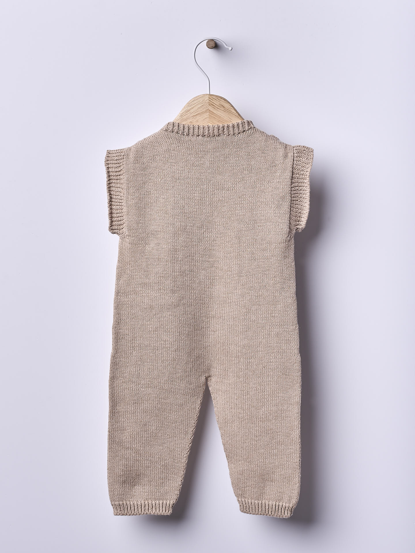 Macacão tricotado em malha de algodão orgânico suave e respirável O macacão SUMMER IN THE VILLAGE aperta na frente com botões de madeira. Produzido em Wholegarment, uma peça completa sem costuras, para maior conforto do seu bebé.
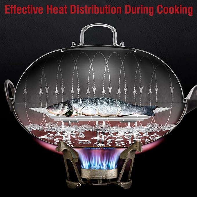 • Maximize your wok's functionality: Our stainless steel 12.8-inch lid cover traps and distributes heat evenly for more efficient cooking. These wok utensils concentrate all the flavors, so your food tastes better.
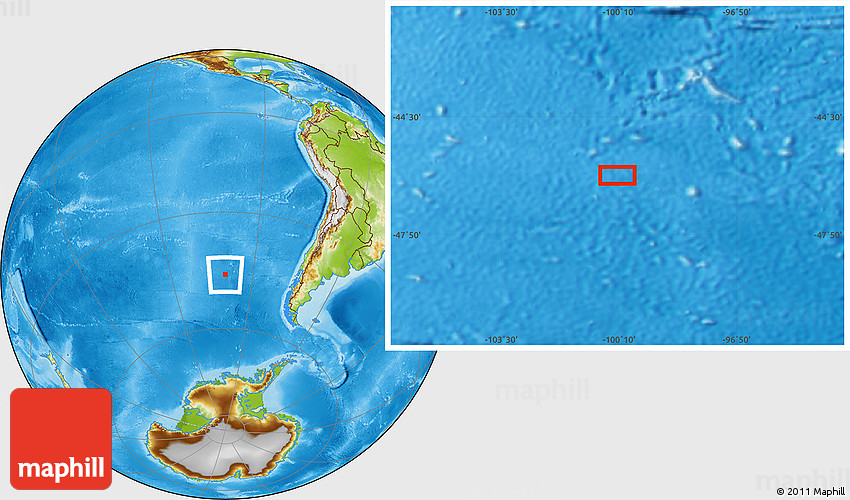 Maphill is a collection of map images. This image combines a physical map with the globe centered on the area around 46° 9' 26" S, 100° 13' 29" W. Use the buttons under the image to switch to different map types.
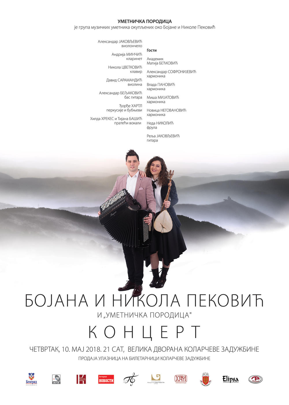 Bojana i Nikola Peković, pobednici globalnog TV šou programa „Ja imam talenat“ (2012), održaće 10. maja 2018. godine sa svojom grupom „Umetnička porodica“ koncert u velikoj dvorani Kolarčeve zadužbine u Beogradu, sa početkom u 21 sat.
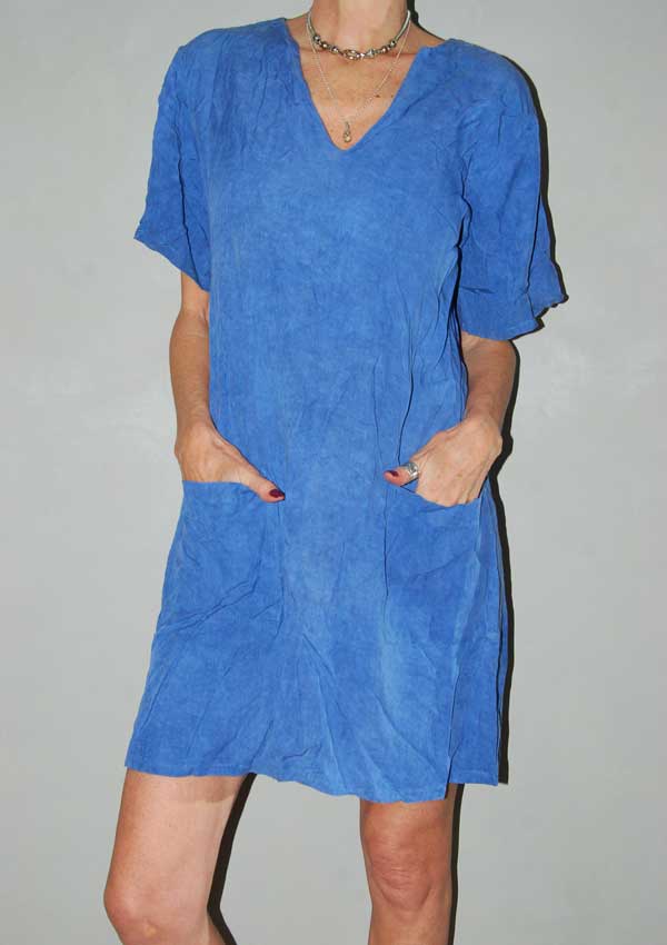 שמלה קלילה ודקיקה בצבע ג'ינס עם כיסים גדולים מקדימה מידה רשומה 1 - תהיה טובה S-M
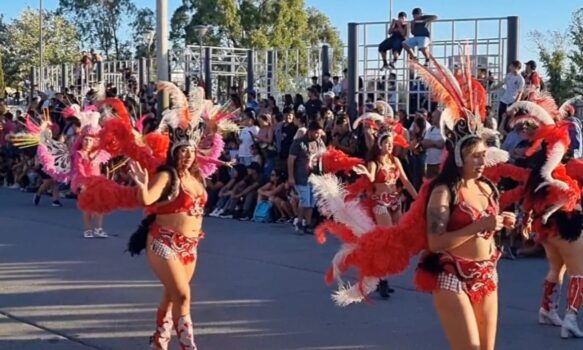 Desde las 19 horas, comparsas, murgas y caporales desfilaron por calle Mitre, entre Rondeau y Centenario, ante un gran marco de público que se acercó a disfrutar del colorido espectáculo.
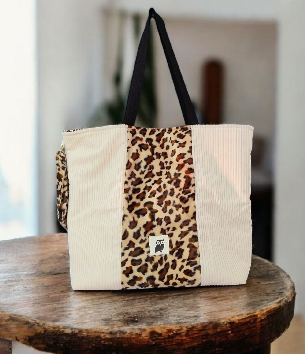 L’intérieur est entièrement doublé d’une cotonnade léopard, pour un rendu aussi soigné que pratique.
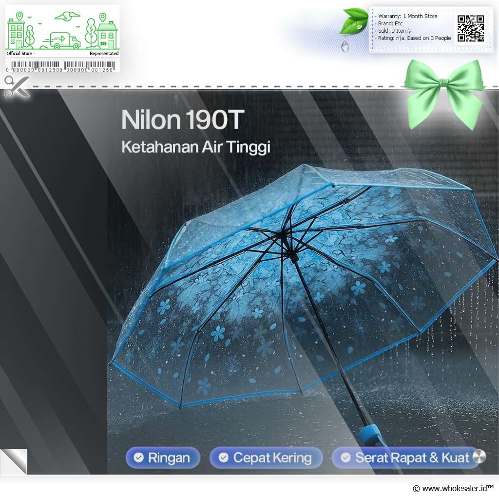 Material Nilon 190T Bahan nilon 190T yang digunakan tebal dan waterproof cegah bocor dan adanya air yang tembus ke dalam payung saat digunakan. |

+===+

### Exercise brief
Your output must consist only of the lines from the line with "L’intérieur est entièrement" through the final line of the data, both included, reproduced exactly and free of pictures.

### Written solution
 L’intérieur est entièrement doublé d’une cotonnade léopard, pour un rendu aussi soigné que pratique.
 Material Nilon 190T Bahan nilon 190T yang digunakan tebal dan waterproof cegah bocor dan adanya air yang tembus ke dalam payung saat digunakan. |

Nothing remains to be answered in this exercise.